Frau Ludl findet ihr Hörgerät nicht, mal wieder. Genauer gesagt: Die Schwester, die in ihrem kleinen Zimmer die Kissen auf dem Bett umdreht und alle Nachttischschubladen aufzieht, findet es nicht. Frau Ludl selbst weiß nicht, dass sie ein Hörgerät besitzt. Sie ist allerdings schon seit ein paar Minuten ungehalten darüber, dass sie die Fragen der Reporterin kaum versteht. Sehen könne sie auch nicht mehr besonders, aber von ihren drei Brillen mag sie keine aufsetzen. Wären ihre Augen besser, könnte die alte Dame der Ansicht aus ihrem Fenster mehr Aufmerksamkeit schenken: Ein baufälliges Bauernhaus steht wenige Meter entfernt, daneben eine verfallene Holzscheune, davor ein Gemüsegarten mit rostigen Pflanzgittern.

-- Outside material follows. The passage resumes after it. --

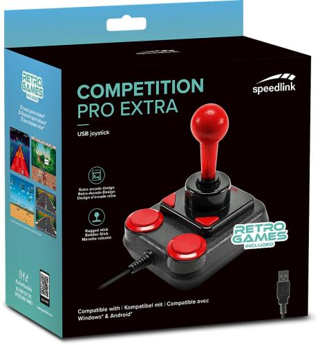 Der COMPETITION PRO EXTRA USB-Joystick ist eine Liebeserklärung an nostalgische Computerspiele. Sein Design mit dem unverwechselbaren Arcade-Automaten-Stick und die Technik zum Beispiel die ikonisch laut klickenden Mikroschalter im Inneren entsprechen dem originalen COMPETITION PRO aus den Achtzigern, dem berühmt-beliebten Joystick für Heimcomputer. Ganz in diesem Sinne ist er digital ausgelegt und für Arcade- und Retro-Spiele geeignet. Damit dir diese auch gleich zur Verfügung stehen, erhältst du zusätzlich zu deinem COMPETITION PRO EXTRA 25 Spiele zum Download darunter neu interpretierte Retro-Perlen wie Summer Games sowie Arcade-Titel im Geiste großer Heimcomputer-Klassiker. Der Joystick ist dank DirectInput® schnell und treiberlos installiert und direkt einsatzbereit. Beim Zocken profitierst du von seinen zwei runden und zwei dreieckigen Feuertasten sowie dem Schnellfeuer-Modus. Nutzen kannst du deinen COMPETITION PRO EXTRA am PC ab Windows® 7 aufwärts und (ganz im Sinne der Neuzeit) an Android®-Geräten via OTG-Adapter. Auf gehts in die Achtziger!

Draußen ist die Slowakei. Frau Ludl weiß davon nichts, wegen ihrer Demenz – oder vielleicht müsste man in diesem Fall sagen: dank ihrer Demenz. Es ist erst gut einen Monat her, dass ihr Sohn und ihre Schwiegertochter die alte Dame in ihr Wohnmobil gesetzt und hierher gefahren haben, nach Zlatna na Ostrove nahe der ungarischen Grenze. 700 Kilometer ist ihr neues Zuhause von ihrem Heimatort in Bayern entfernt, die Fahrt dauerte einen ganzen Tag. Als alle Formalitäten erledigt waren, setzten sich Sohn und Schwiegertochter wieder ins Wohnmobil und fuhren davon. Ein Pflegeheim in Deutschland wäre zu teuer gewesen. Das zumindest erzählt der Sohn, der zu Hause ein Spielwarengeschäft führt. „Meine Mutter hat eine kleine Rente und muss davon auch noch 500 Euro Beitrag für ihre private Krankenversicherung zahlen. Ein deutsches Heim wäre so teuer, dass ich 1000 Euro pro Monat selbst beisteuern müsste.“
Die letzte Reise führt für immer mehr Deutsche in ein Pflegeheim im Ausland. In Ländern wie der Slowakei, in Tschechien oder Ungarn, aber auch in Spanien und Thailand gibt es eine wachsende Zahl an Einrichtungen, die sich speziell an westeuropäische Kunden wenden und häufig sogar von deutschen Betreibern geführt werden. Gemeinsam ist ihnen, dass die Pflege dort weit günstiger geleistet wird als in deutschen Einrichtungen. Denn hierzulande steigen die Heimkosten – knapp 2900 Euro waren es zuletzt für Pflegestufe 3.